It's been a depressing month for mankind as Mickey goes down 5½-½ to Hydra, who now has +11, =3 against top-class grandmasters. The challenge is on: who is going to be the first GM to beat Hydra (in one game I mean, not a match - get serious!). As for David Levy suggesting that odds matches against computers will be the way forward in the future for the world's elite, you've got to be kidding!

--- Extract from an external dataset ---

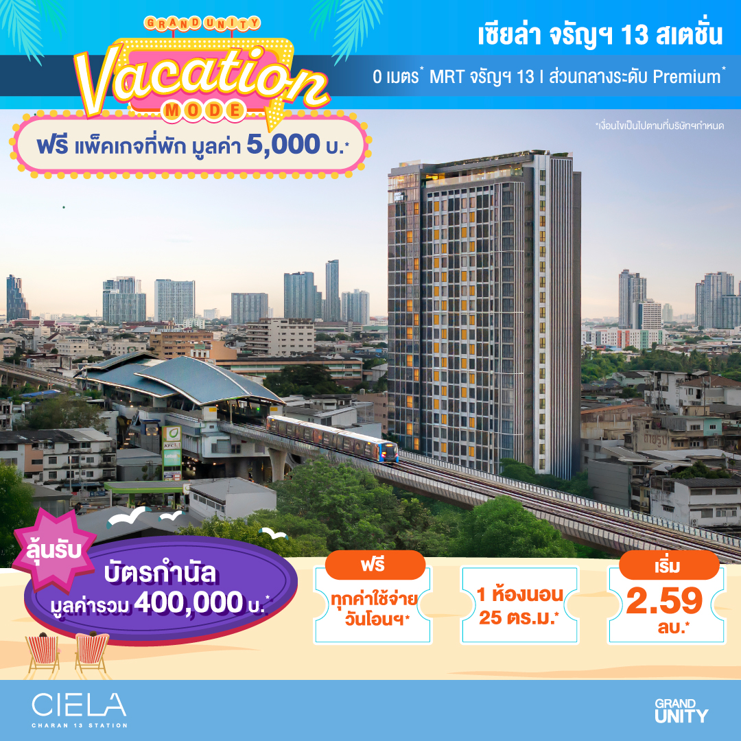 โครงการ เซียล่า จรัญฯ 13 สเตชั่น (CIELA Charan 13 Station) คอนโดมิเนียมพร้อมอยู่ ติด MRT สถานีจรัญฯ 13 ระยะ 0 เมตร* ส่วนกลางระดับพรีเมียม พร้อมรับแพ็คเกจที่พัก มูลค่า 5,000 บาท* ฟรี เครื่องใช้ไฟฟ้า* และฟรี ทุกค่าใช้จ่ายวันโอนฯ* 1 ห้องนอน ขนาด 25 ตร.ม. ในราคาเริ่มต้น 2.59 ล้านบาท*
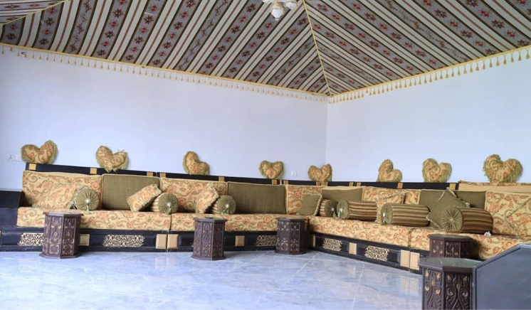 تتميز الخيمة بجلسات من الكراسي وتتميز ب اطلالة علئ الشالية والمجلس الملكي و ايضا الاشجار

Luckily for me none of the Adams-Hydra games contained openings from this section, but even so the rise of the machines is evident in one of our games below. This month we look at games from the Nimzo-Indian, Queen's Indian and Modern Benoni. Enjoy!

Remember, if you have any opinions, ideas or questions, please either make yourself heard at the Forum (the link above on the right) or subscribers can email me at

Download PGN of June '05 Nimzo and Benoni games

Nimzo-Indian Classical Variation: 4 Qc2 c5

We kick off this month with the game L'Ami-Macieja, Warsaw 2005: 1 d4 Nf6 2 c4 e6 3 Nc3 Bb4 4 Qc2 c5 5 dxc5 0-0 6 a3 Bxc5:

This line is a favourite of Macieja's. His quickest ever win in this line (I'm guessing but I think it's a good guess!) went 7 Bg5?? Bxf2+! 0-1, Krush-Macieja, Internet (blitz) 2000, a game which sneakily appeared on this website!. In this game White 'improves' with 7 Nf3 but Macieja springs a powerful novelty.

Nimzo-Indian Classical Variation: 4 Qc2 0-0 5 e4

Next up it's Woodward - Wells, British League 2005: 1 d4 Nf6 2 c4 e6 3 Nc3 Bb4 4 Qc2 0-0 5 e4 d5 6 e5 Ne4 7 a3 Bxc3+ 8 bxc3 c5:

is fast becoming the most critical line of the 4 Qc2 0-0 5 e4 variation. Black has found it difficult finding equality in these complex lines, but Wells's play looks quite promising.

Nimzo-Indian 4 f3

1 d4 Nf6 2 c4 e6 3 Nc3 Bb4 4 f3 is back in vogue these days (perhaps Yakovich's book has something to do with this). In Cox - Wells, Coventry 2005 the English GM employs a line introduced by Eduardas Rozentalis: 4...d5 5 a3 Bxc3+ 6 bxc3 c6!?:

At first sight it looks very passive, but Black has a cast-iron plan of ...b7-b6 and ...Ba6. The point of ...c7-c6 is to recapture after cxd5 with the c-pawn thus keeping two pawns rather than one in the centre.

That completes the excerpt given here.